POEMS ON MINDFULNESS

Ring the bells that can still ring.
Forget your perfect offering.
There is a crack in everything.
That’s how the light gets in.

Leonard Cohen

 

This being human is a guest house.
Every morning a new arrival.

A joy, a depression, a meanness,
Some momentary awareness
comes as an unexpected visitor.

Welcome and entertain them all! . . .

The dark thought, the shame, the malice,
meet them at the door laughing,
and invite them in.

Be grateful for whoever comes,
because each has been sent
as a guide from beyond.

Rumi


Last night, as I was sleeping,
I dreamt – marvelous error! –
that I had a beehive
here inside my heart.
And the golden bees
were making white combs
and sweet honey
from my old failures

Antonio Machado,
translated by Robert Bly

 

Those who will not slip beneath
the still surface of the well of grief

turning downward through its black water
to the place we cannot breathe

will never know the source from which we drink,
the secret water, cold and clear,

nor find in the darkness glimmering
the small round coins
thrown away by those who wished for something else.

David Whyte

 

And the day came
when the risk
to remain tight in a bud
was more painful
than the risk it took
to blossom.

Anais Nin

 

The Hippo

The hippo floats in swamp serene,
some emerged, but most unseen.

Seeing all and only blinking,
Who knows what this beast is thinking.

Gliding, and of judgment clear,
Letting go and being here.

Seeing all, both guilt and glory,
Only noting. But that's MY story.

I sit here hippo-like and breathe,
While inside I storm and seethe.

Would that I were half equanimous
As that placid hippopotamus.

By Steven Hickman Enough.

 

These few words are enough.
If not these words, this breath.
If not this breath, this sitting here.

This opening to the life
we have refused
again and again
until now.

Until now.

David Whyte

 

If I Had My Life to Live Over

I'd dare to make more mistakes next time.
I'd relax. I would limber up.
I would be sillier than I have been this trip.
I would take fewer things seriously.
I would take more chances.
I would take more trips.
I would climb more mountains and swim more rivers.
I would eat more ice cream and less beans.
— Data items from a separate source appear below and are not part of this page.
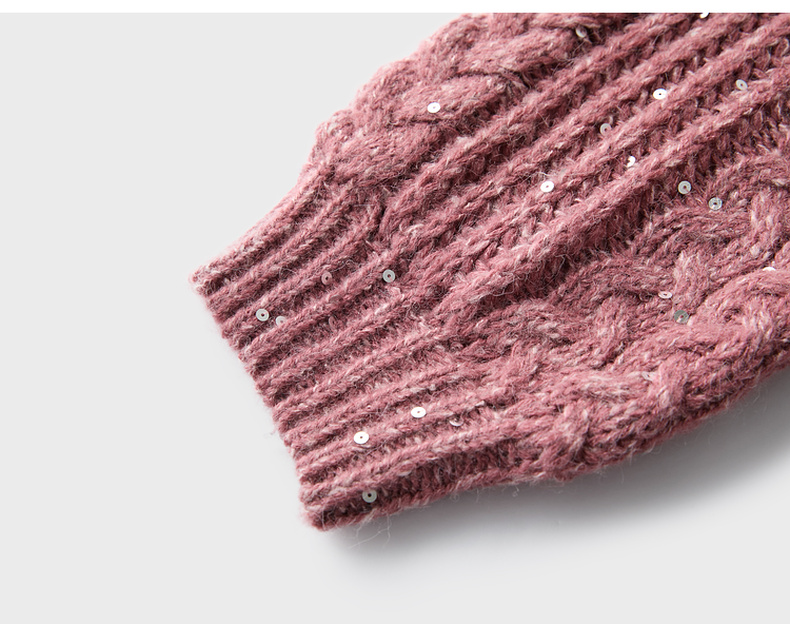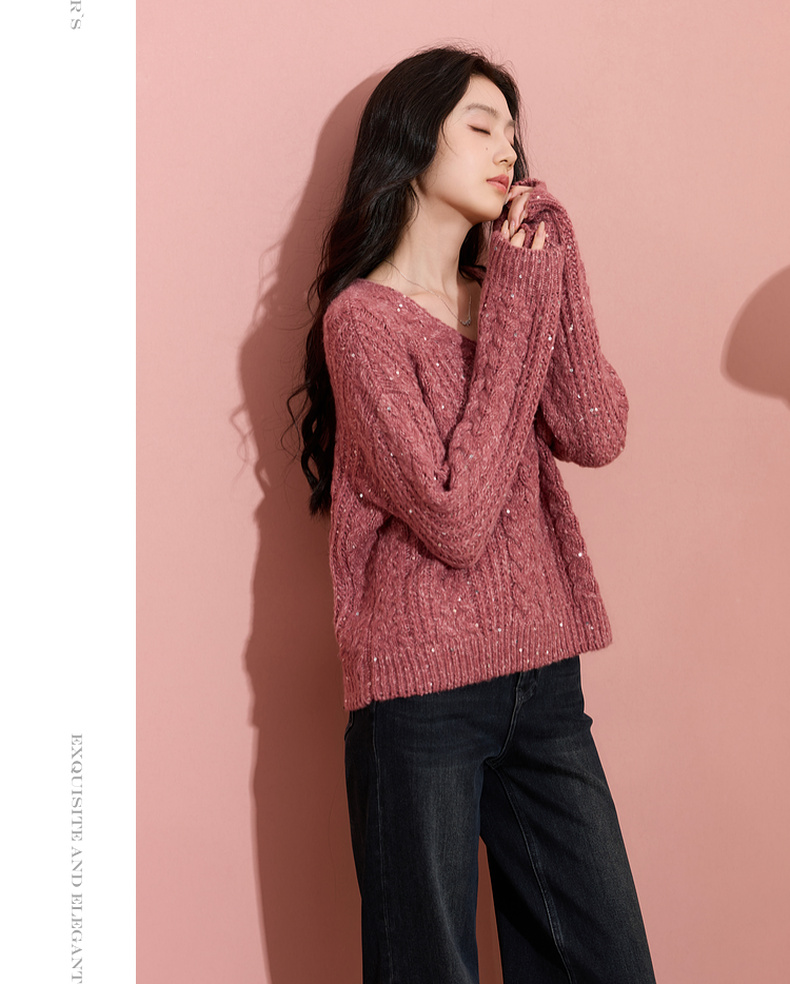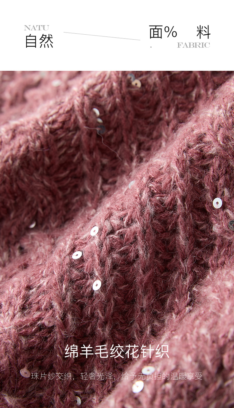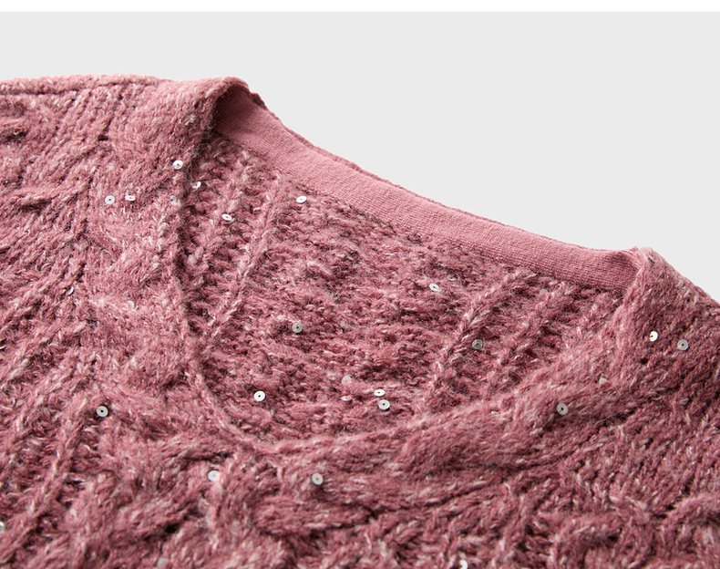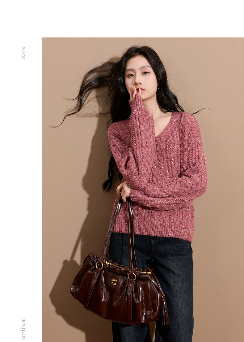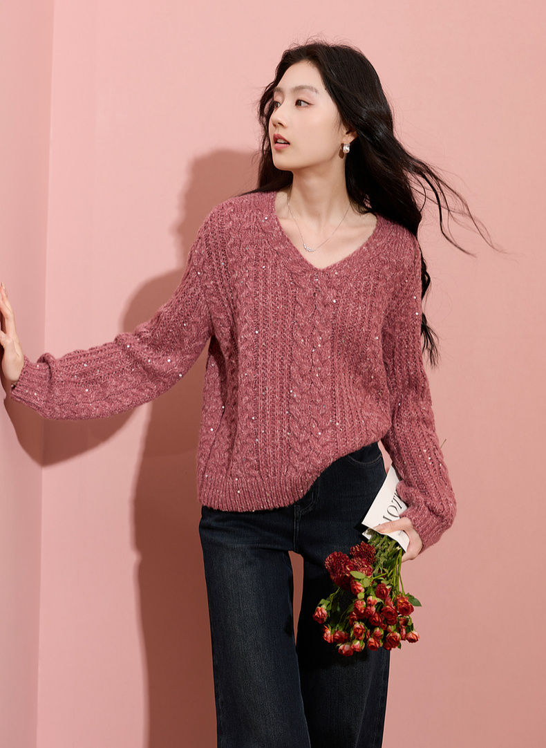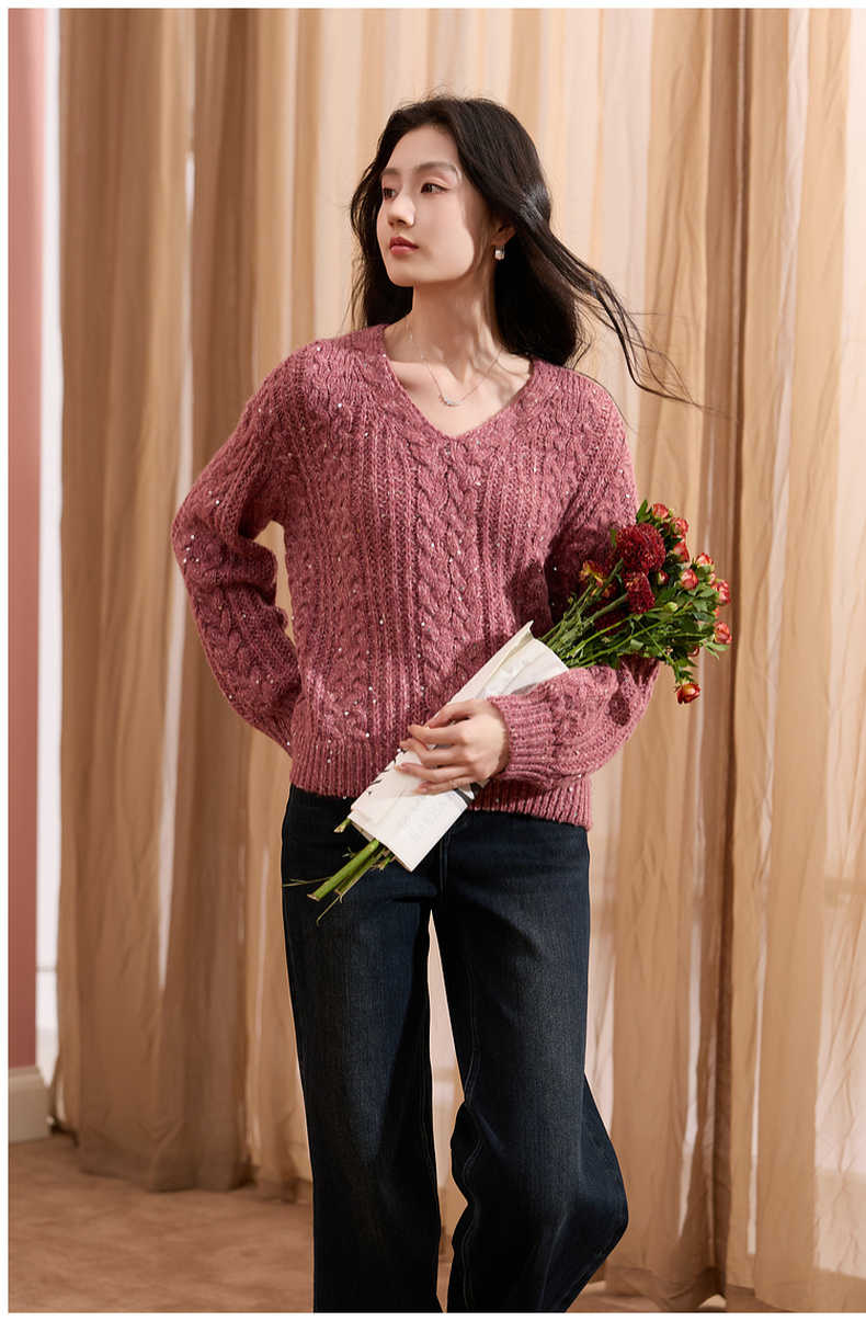 三彩2025冬季新款复古绞花V领针织衫宽松慵懒保暖套头毛衫S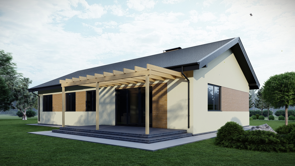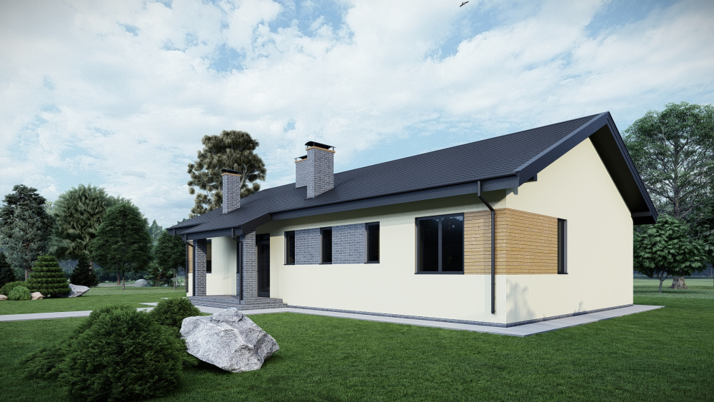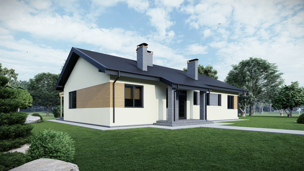 Просторный одноэтажный дом с классической двускатной крышей, сочетающий традиционные формы и современные отделочные материалы. Фасад выполнен в светлой штукатурке с акцентными вставками из дерева и серого декоративного кирпича, что придает зданию выразительность. Планировка рассчитана на комфортное проживание семьи. Украшением дома является большая крытая терраса, которая служит идеальным местом для отдыха.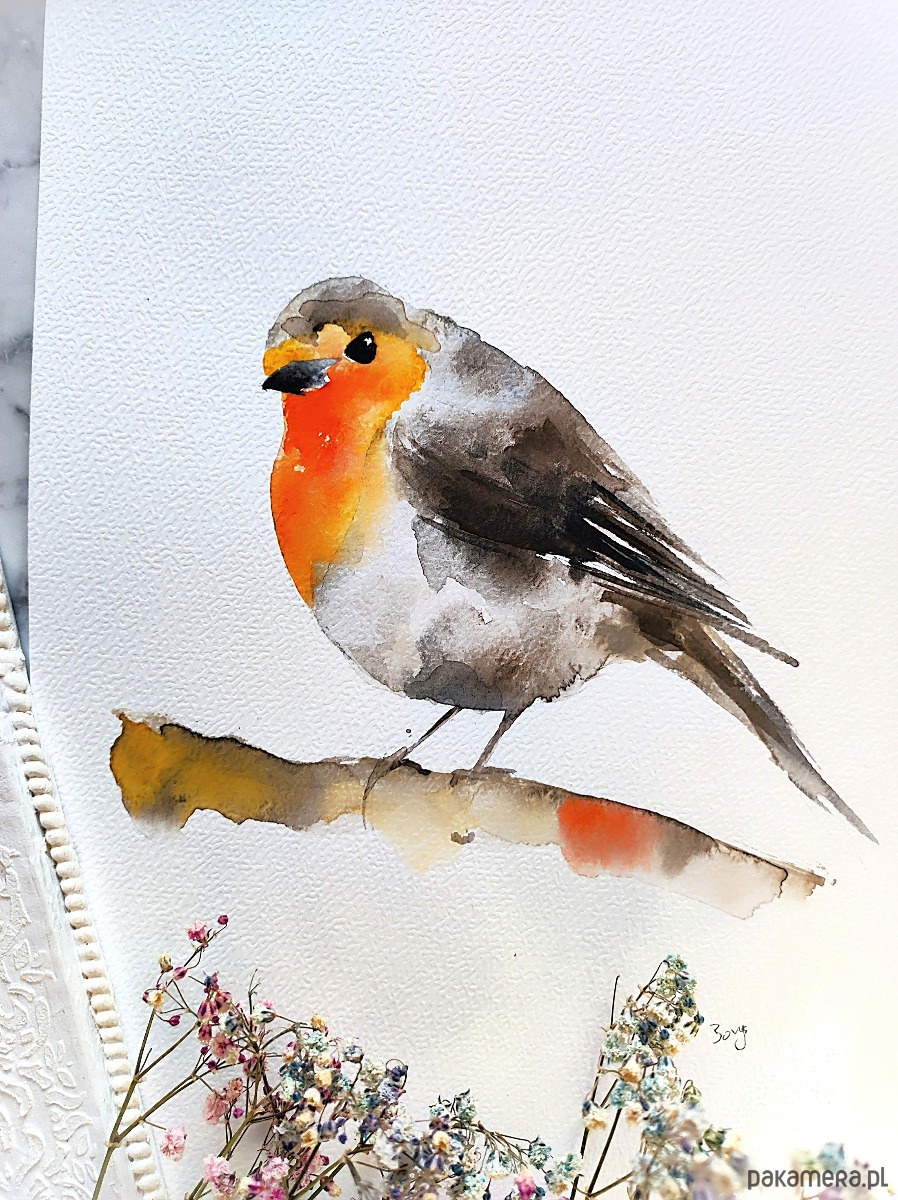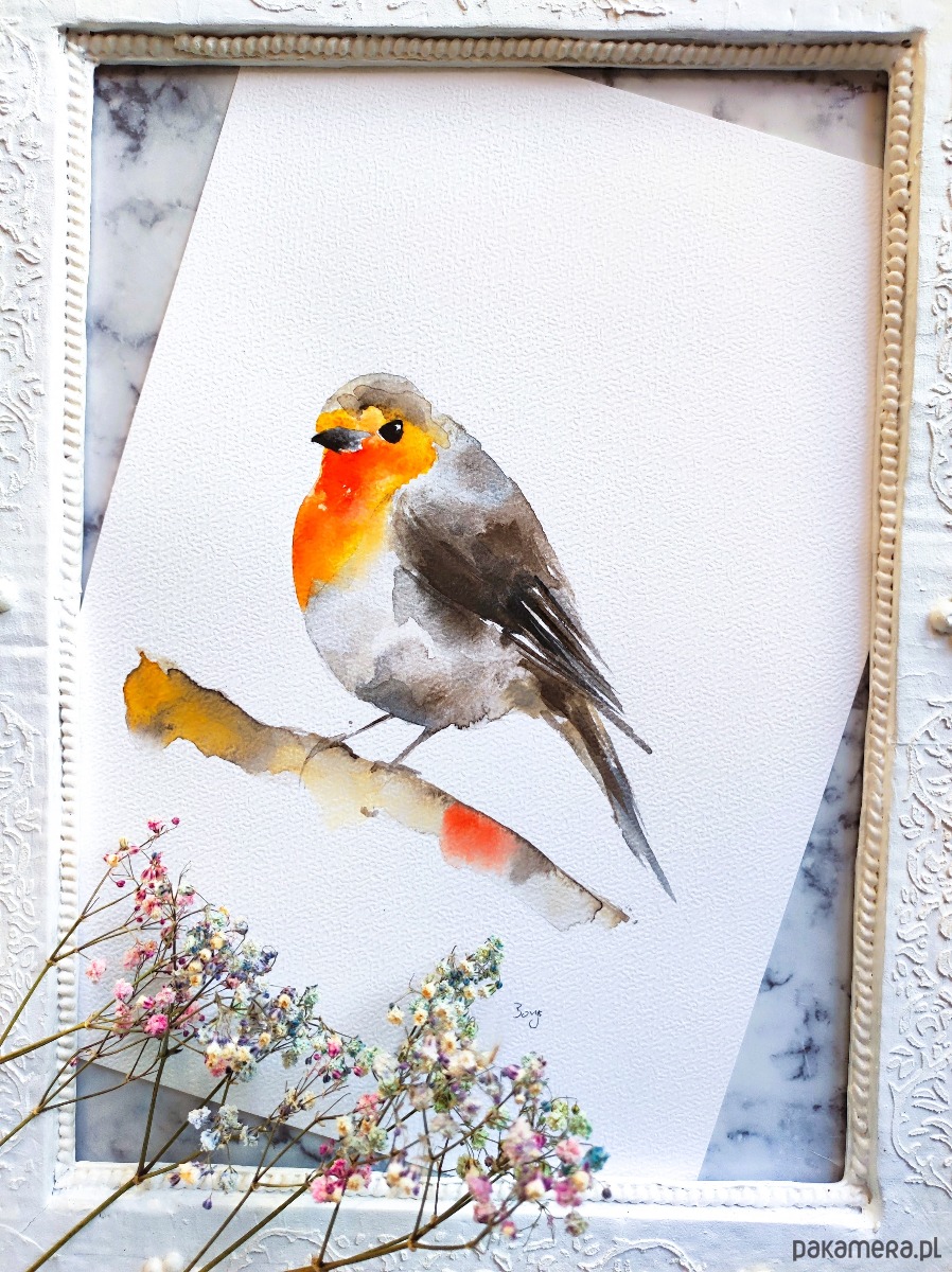 Wykonana profesjonalnymi farbami akwarelowymi Renesans na papierze akwarelowym 300g.

I would perhaps have more actual troubles but I'd
have fewer imaginary ones.

You see, I'm one of those people who live sensibly
and sanely hour after hour, day after day.

Oh, I've had my moments and if I had it to do over
again, I'd have more of them. In fact,
I'd try to have nothing else. Just moments.

One after another, instead of living so many
years ahead of each day.

I've been one of those people who never go anywhere
without a thermometer, a hot water bottle, a raincoat
and a parachute.

If I had my life to live over, I would start barefoot
earlier in the spring and stay that way later in the fall.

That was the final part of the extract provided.